I also run PFSense at home for my router, on a Protectli Vault, if that counts as self-hosting. Seems more like sysadmin, but there you go. I use Uptimerobot to monitor everything and create sleek public status pages.

[–] [email protected] 1 points 1 year ago (1 children)

I had no idea you could host your own Bitwarden instance. The whole reason I moved to Bitwarden in the first place was one of the Lastpass hacks, being in control of my own password manager instance from my favorite password manager would be amazing. Is it free to self- host?

Also curious about your UniFi controller, are you considering a DM/DM Pro a 'self-hosted' controller or do you use one of those Dockerized container solutions?

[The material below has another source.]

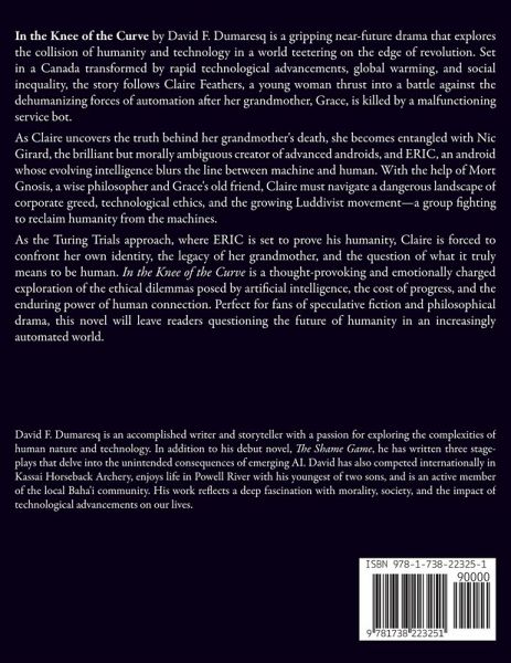 In the Knee of the Curve by David F. Dumaresq is a gripping near-future drama that explores the collision of humanity and technology in a world teetering on the edge of revolution. Set in a Canada transformed by rapid technological advancements, global warming, and social inequality, the story follows Claire Feathers, a young woman thrust into a battle against the dehumanizing forces of automation after her grandmother, Grace, is killed by a malfunctioning service bot. As Claire uncovers the truth behind her grandmother's death, she becomes entangled with Nic Girard, the brilliant but morally ambiguous creator of advanced androids, and ERIC, an android whose evolving intelligence blurs the line between machine and human. With the help of Mort Gnosis, a wise philosopher and Grace's old friend, Claire must navigate a dangerous landscape of corporate greed, technological ethics, and the growing Luddivist movement-a group fighting to reclaim humanity from the machines. As the Turing Trials approach, where ERIC is set to prove his humanity, Claire is forced to confront her own identity, the legacy of her grandmother, and the question of what it truly means to be human. In the Knee of the Curve is a thought-provoking and emotionally charged exploration of the ethical dilemmas posed by artificial intelligence, the cost of progress, and the enduring power of human connection. Perfect for fans of speculative fiction and philosophical drama, this novel will leave readers questioning the future of humanity in an increasingly automated world.

[–] [email protected] 2 points 1 year ago (1 children)

I use Vaultwarden in Docker, which is a light-weight Rust implementation of the Bitwarden server. You can just point any of the apps or browser extensions to your server at login and it works seamlessly. The oficial Bitwarden Server is also available, but when last I used it, it was much more resource intensive and had a number of docker containers as dependencies instead of the single container for Vaultwarden.

For UniFi, I use a docker image--currently, I'm using this one.

[–] [email protected] 1 points 1 year ago

Thanks for the reply - I'm going to have to look into Vaultwarden, that is a very exciting/enticing idea.